Ich kam zur Untermiete in einer Wohnung im muslimischen Quartier der Altstadt unter, das ich über eine Facebook Seite gefunden hatte. Die Zimmer der Wohnung wurden für gewöhnlich an Ausländer vermietet, eine Französin hatte gerade die Wohnung verlassen und dabei die Hälfte ihrer Sachen zurückgelassen. Ameisen machten sich über liegen gelassenes in der Küche her. Wenigstens ein paar Mitbewohner dachte ich. Denn das Gefühl von Verlorenheit stellte sich schnell ein in den ersten Tagen. Ich beherrschte weder Arabisch noch Hebräisch, kannte kaum jemanden und wusste gar nicht, wie ich den Überfluss von neuen Eindrücken verarbeiten sollte, außer indem ich es aufschrieb und mit dem Wlan, dass ich im Innenhof des Hauses hatte, nach Hause telefonierte. Das half mir über die Irrungen d
er ersten Tage und kurze Zeit später lernte ich ausgerechnet ein paar Deutsche kennen, die ein Praktikum bei der UN machten und für das Auswärtige Amt arbeiteten. Eine riesige Erleichterung mit jemandem ganz offen über meine Eindrücke zu sprechen, all die Merkwürdigkeiten und Verunsicherungen in Alltagsdingen.
Mein erster Ausflug ging nach Bethlehem. Ich besuchte für eine Nacht das Geflüchteten Camp Dheisheh, das ein kleines Besucherzentrum mit Übernachtungsmöglichkeit hat. Ich bin noch nie in einem Geflüchteten Camp gewesen, hatte unwillentlich Bilder von Zeltlagern vor Augen als ich eincheckte. Dabei existiert das Lager schon seit 60 Jahren. An den Flurwänden des Gästehauses hingen Schwarz-Weiß-Bilder von eben jenen Zeltlagern, wie sie 1949 noch existierten. Daneben das Bild eines israelischen Soldaten, der aus nächster Nähe sein Pfefferspray auf einen palästinensischen Kameramann richtet. Mir wird freundlicherweise eine kleine Tour durch das Camp gegeben. Ein junger Araber in meinem Alter zeigt mir die Drehtür aus schwarzem Eisen, die wie ein Mahnmal an den Zaun erinnert, der während der ersten Intifada von der israelischen Armee um das Camp gezogen wurde.
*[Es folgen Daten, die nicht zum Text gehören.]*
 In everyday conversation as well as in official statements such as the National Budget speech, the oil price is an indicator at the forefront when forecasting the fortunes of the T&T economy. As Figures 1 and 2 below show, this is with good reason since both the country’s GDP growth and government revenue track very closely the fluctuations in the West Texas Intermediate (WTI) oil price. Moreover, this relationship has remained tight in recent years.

Arabische Schriften an den Häuserwänden rufen zum Widerstand und Mobilisierung auf, Graffitis von Banksy und an die Wände gemaltes erzählen Geschichten und bedauern den Tod meist junger Angehöriger. Mittlerweile steht das Camp unter palästinensischer Verwaltung. Trotzdem kommt es – so erzählt er mir - einmal im Monat zu Militäraktionen, bei denen vor allem junge Palästinenser wegen Terrorverdachts festgenommen werden.
Am Ende der Führung weiß ich nicht, was ich fragen soll. Blöde stotternd versuche ich ihm meinen Respekt auszusprechen und bedanke mich für die Führung. Dabei habe ich vor allem eine Frage an mich selbst, die ich mir nicht beantworten kann: Was zur Hölle mache ich eigentlich hier? Ist es nicht schrecklich vermessen dieses Camp zu „besuchen“? Mit Mitleid muss man den Palästinensern hier nämlich nicht kommen. Sie sehen sich selbst nicht als Opfer. Die Viktimisierung würde von der israelischen Regierung zur Genüge genutzt, um die eigenen Untaten zu rechtfertigen.
Irgendwie ausgelaugt sitze ich immer noch auf der roten Couch in der Lobby des Gästehauses und schaue mir die Wände an, die voller Pokale von sportlichen Wettbewerben sind. Das Frauenteam des Dheisheh Camps ist schon seit 4 Jahren konsekutiv Meister geworden. Über dem Thresen hängt ein eingerahmtes Gedicht auf arabisch mit Englischer Übersetzung:
HERE WE WILL STAY
In Lidda, in Ramle, in the Galilee
We shall remain
Like a Wall on your Chest
And in your Throat
like a Shard of Glass, a Cactus Thorn
And in your eyes
A Sandstorm.
Am nächsten Morgen stehe ich früh auf, weil das Gästehaus für die Feiertage des Opferfests geschlossen wird. Ich passiere den militärischen Check Point ohne großes Prozedere und fahre nach Jerusalem zurück. Daran werde ich noch zu kauen haben.